EXERCISE INSTRUCTIONS =>
The answer must consist solely of the lines below starting at the one containing "鏡五郎&岩本公水 東京・護国寺で節分の豆まき" and ending at the one containing "ευχάριστη οπτική εντύπωση.", repeated exactly, with both ends included and all pictures omitted.

RECORDED INFORMATION =>
==================================================
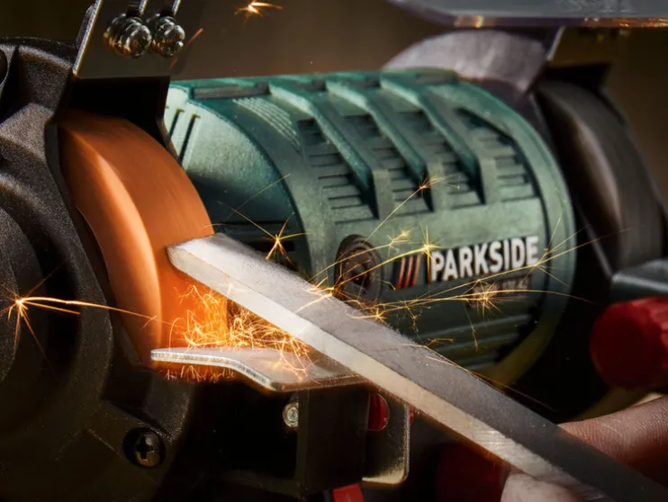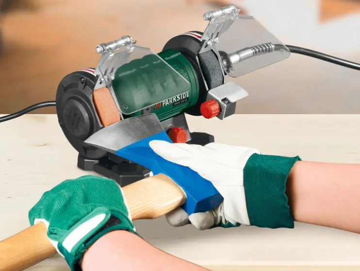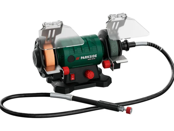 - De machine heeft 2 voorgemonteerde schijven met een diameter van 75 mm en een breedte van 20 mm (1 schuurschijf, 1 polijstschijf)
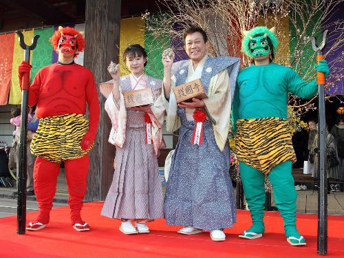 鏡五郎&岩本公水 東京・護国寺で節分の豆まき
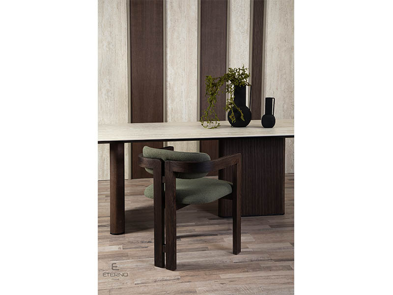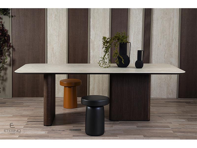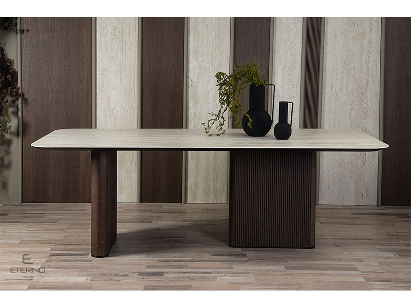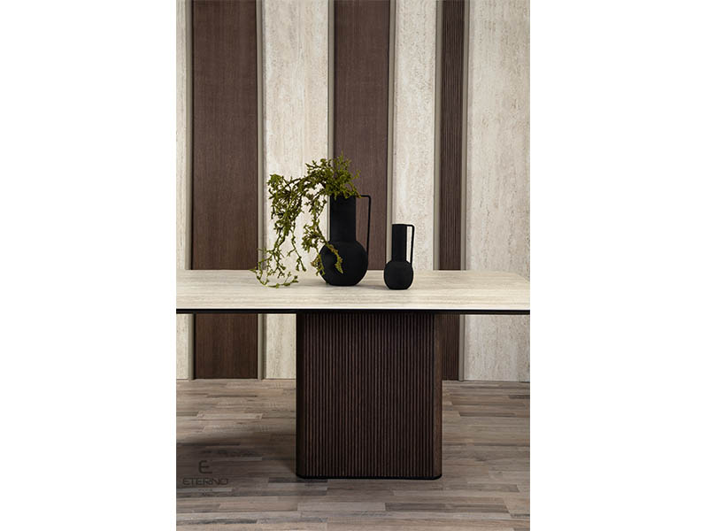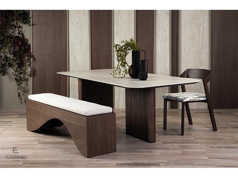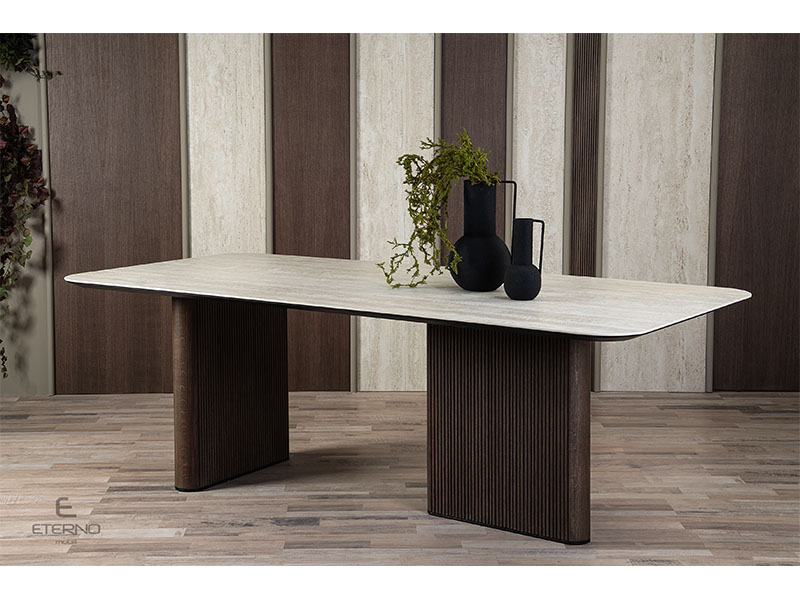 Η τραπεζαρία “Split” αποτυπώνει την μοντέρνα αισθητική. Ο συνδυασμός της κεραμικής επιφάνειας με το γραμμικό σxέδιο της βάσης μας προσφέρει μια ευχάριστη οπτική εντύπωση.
==================================================
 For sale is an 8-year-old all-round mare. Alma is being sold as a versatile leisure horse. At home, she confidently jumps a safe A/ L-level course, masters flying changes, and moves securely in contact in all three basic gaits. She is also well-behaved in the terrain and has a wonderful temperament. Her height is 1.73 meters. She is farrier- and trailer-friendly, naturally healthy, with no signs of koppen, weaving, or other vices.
==================================================
ANSWER FOR THE TASK =>
 鏡五郎&岩本公水 東京・護国寺で節分の豆まき
 Η τραπεζαρία “Split” αποτυπώνει την μοντέρνα αισθητική. Ο συνδυασμός της κεραμικής επιφάνειας με το γραμμικό σxέδιο της βάσης μας προσφέρει μια ευχάριστη οπτική εντύπωση.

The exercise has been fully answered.